**INPUT DATA:**
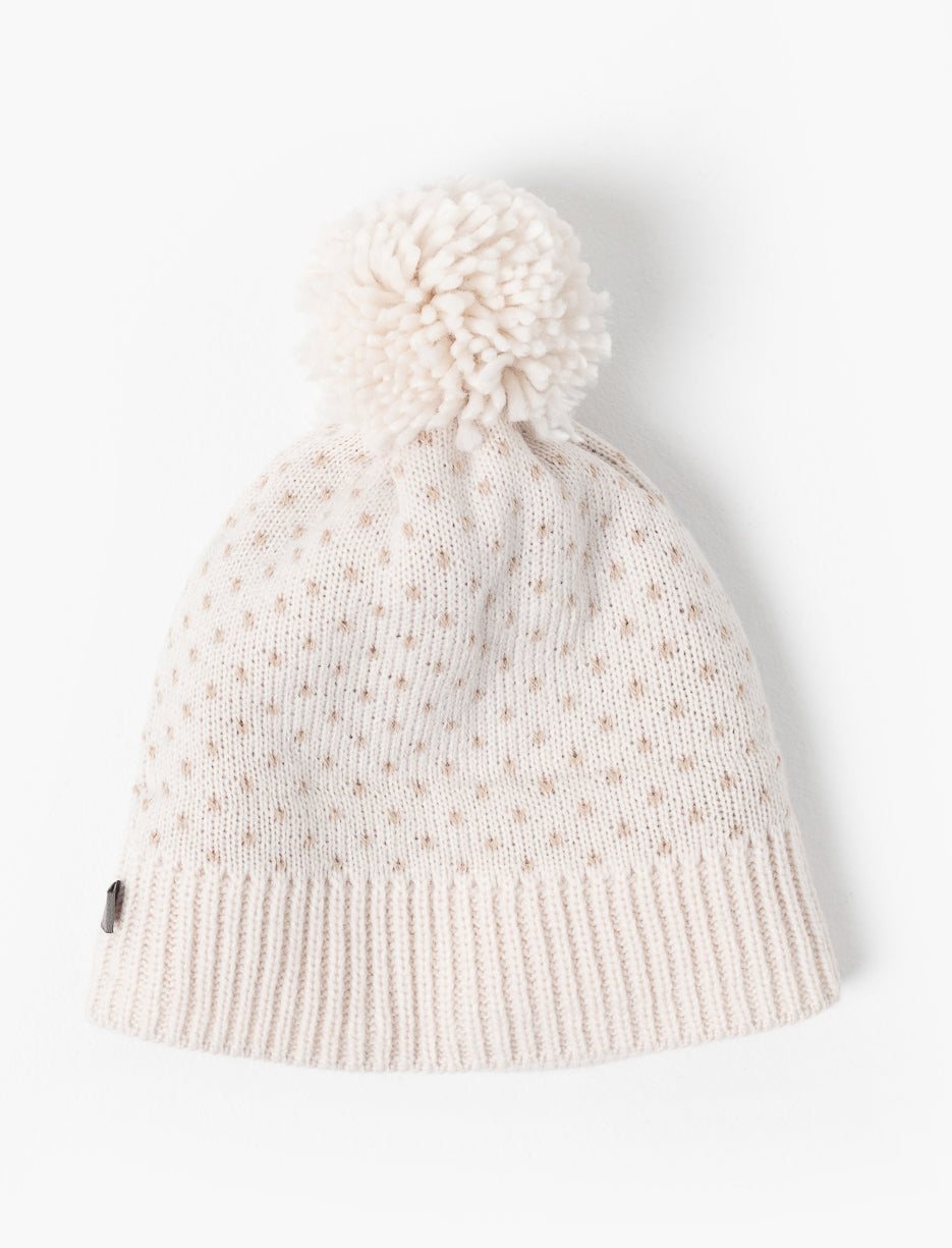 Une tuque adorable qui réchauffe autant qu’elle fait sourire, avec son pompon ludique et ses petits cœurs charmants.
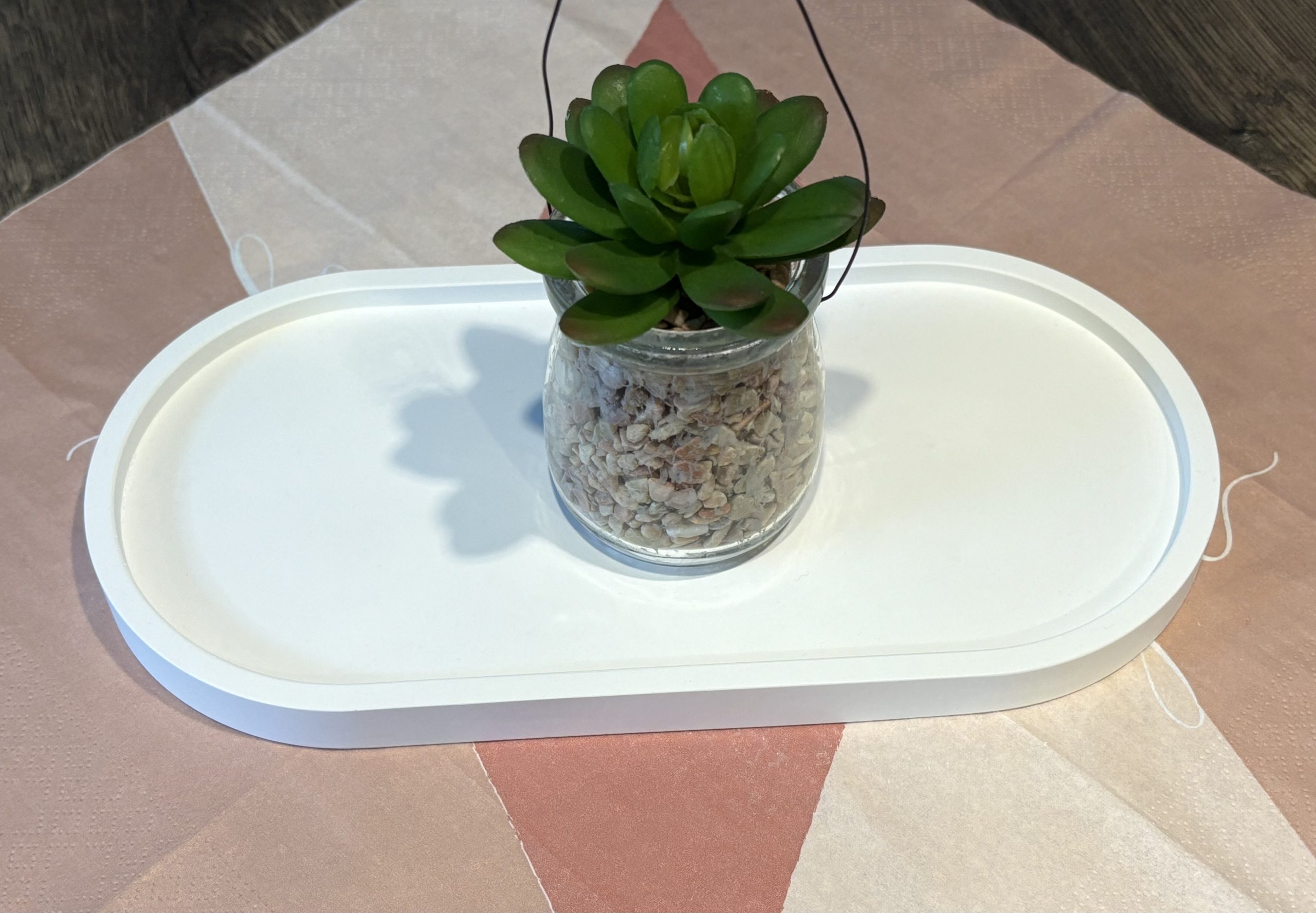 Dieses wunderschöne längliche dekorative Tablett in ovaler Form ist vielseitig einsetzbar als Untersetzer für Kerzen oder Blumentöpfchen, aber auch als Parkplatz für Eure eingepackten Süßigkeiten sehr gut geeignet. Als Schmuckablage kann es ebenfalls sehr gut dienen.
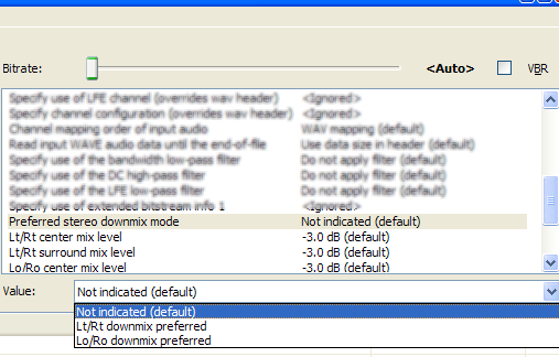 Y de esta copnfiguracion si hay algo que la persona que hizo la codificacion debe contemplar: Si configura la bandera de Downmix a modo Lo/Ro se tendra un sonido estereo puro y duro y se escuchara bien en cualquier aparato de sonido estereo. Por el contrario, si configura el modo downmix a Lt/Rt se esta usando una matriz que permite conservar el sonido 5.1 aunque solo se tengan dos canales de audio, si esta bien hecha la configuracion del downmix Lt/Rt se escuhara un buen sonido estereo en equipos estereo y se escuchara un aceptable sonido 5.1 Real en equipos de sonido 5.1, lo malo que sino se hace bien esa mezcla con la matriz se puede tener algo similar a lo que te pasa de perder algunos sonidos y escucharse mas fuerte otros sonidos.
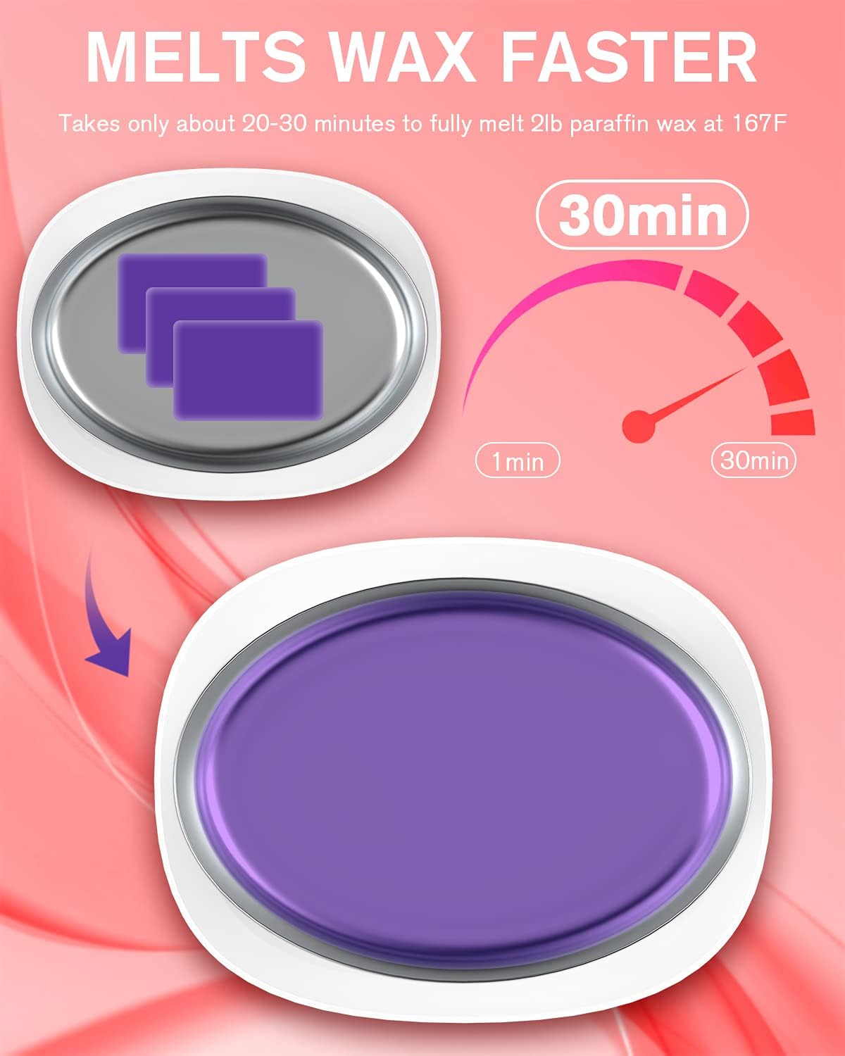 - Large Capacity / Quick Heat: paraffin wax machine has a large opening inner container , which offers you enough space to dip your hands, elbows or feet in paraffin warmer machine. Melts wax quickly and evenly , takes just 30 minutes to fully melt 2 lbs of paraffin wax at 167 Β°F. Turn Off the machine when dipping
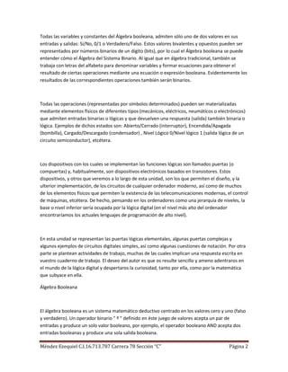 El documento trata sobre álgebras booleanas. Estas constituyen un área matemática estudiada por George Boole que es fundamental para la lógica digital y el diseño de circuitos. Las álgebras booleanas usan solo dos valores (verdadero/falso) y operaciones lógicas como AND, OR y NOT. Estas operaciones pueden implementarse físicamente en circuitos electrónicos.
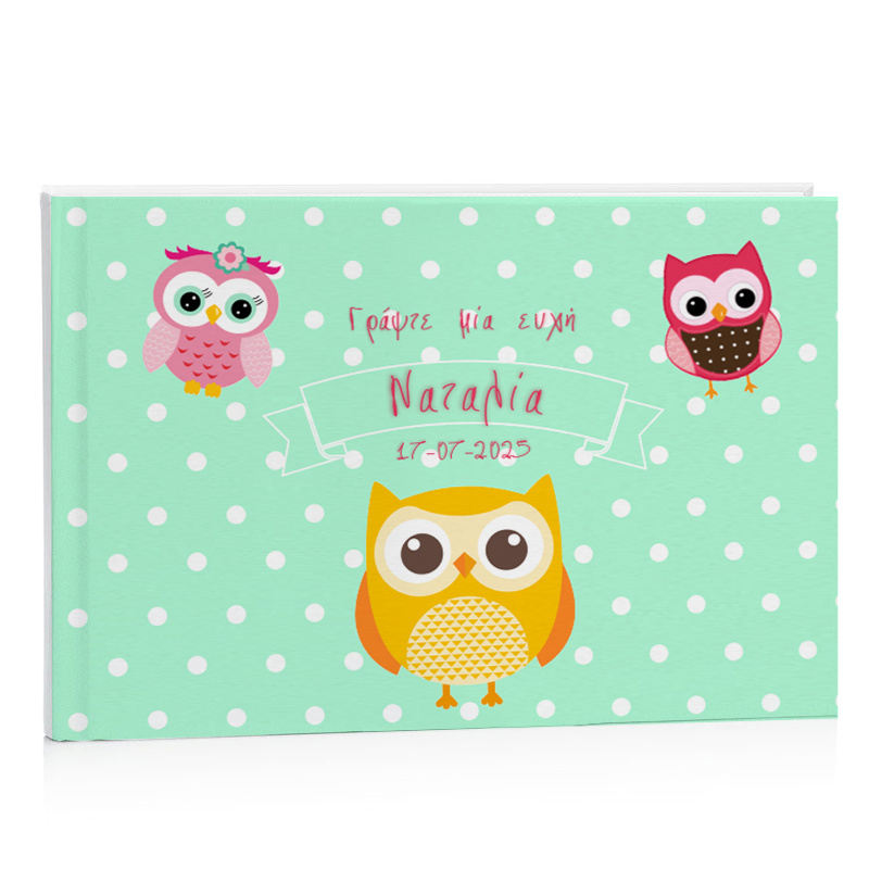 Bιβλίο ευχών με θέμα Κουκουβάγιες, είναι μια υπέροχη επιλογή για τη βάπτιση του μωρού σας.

**TASK DETAILS:**
Each line of the listing is to be retyped exactly, and its pictures are to be dropped.

**TASK SOLUTION:**
 Une tuque adorable qui réchauffe autant qu’elle fait sourire, avec son pompon ludique et ses petits cœurs charmants.
 Dieses wunderschöne längliche dekorative Tablett in ovaler Form ist vielseitig einsetzbar als Untersetzer für Kerzen oder Blumentöpfchen, aber auch als Parkplatz für Eure eingepackten Süßigkeiten sehr gut geeignet. Als Schmuckablage kann es ebenfalls sehr gut dienen.
 Y de esta copnfiguracion si hay algo que la persona que hizo la codificacion debe contemplar: Si configura la bandera de Downmix a modo Lo/Ro se tendra un sonido estereo puro y duro y se escuchara bien en cualquier aparato de sonido estereo. Por el contrario, si configura el modo downmix a Lt/Rt se esta usando una matriz que permite conservar el sonido 5.1 aunque solo se tengan dos canales de audio, si esta bien hecha la configuracion del downmix Lt/Rt se escuhara un buen sonido estereo en equipos estereo y se escuchara un aceptable sonido 5.1 Real en equipos de sonido 5.1, lo malo que sino se hace bien esa mezcla con la matriz se puede tener algo similar a lo que te pasa de perder algunos sonidos y escucharse mas fuerte otros sonidos.
 - Large Capacity / Quick Heat: paraffin wax machine has a large opening inner container , which offers you enough space to dip your hands, elbows or feet in paraffin warmer machine. Melts wax quickly and evenly , takes just 30 minutes to fully melt 2 lbs of paraffin wax at 167 Β°F. Turn Off the machine when dipping
 El documento trata sobre álgebras booleanas. Estas constituyen un área matemática estudiada por George Boole que es fundamental para la lógica digital y el diseño de circuitos. Las álgebras booleanas usan solo dos valores (verdadero/falso) y operaciones lógicas como AND, OR y NOT. Estas operaciones pueden implementarse físicamente en circuitos electrónicos.
 Bιβλίο ευχών με θέμα Κουκουβάγιες, είναι μια υπέροχη επιλογή για τη βάπτιση του μωρού σας.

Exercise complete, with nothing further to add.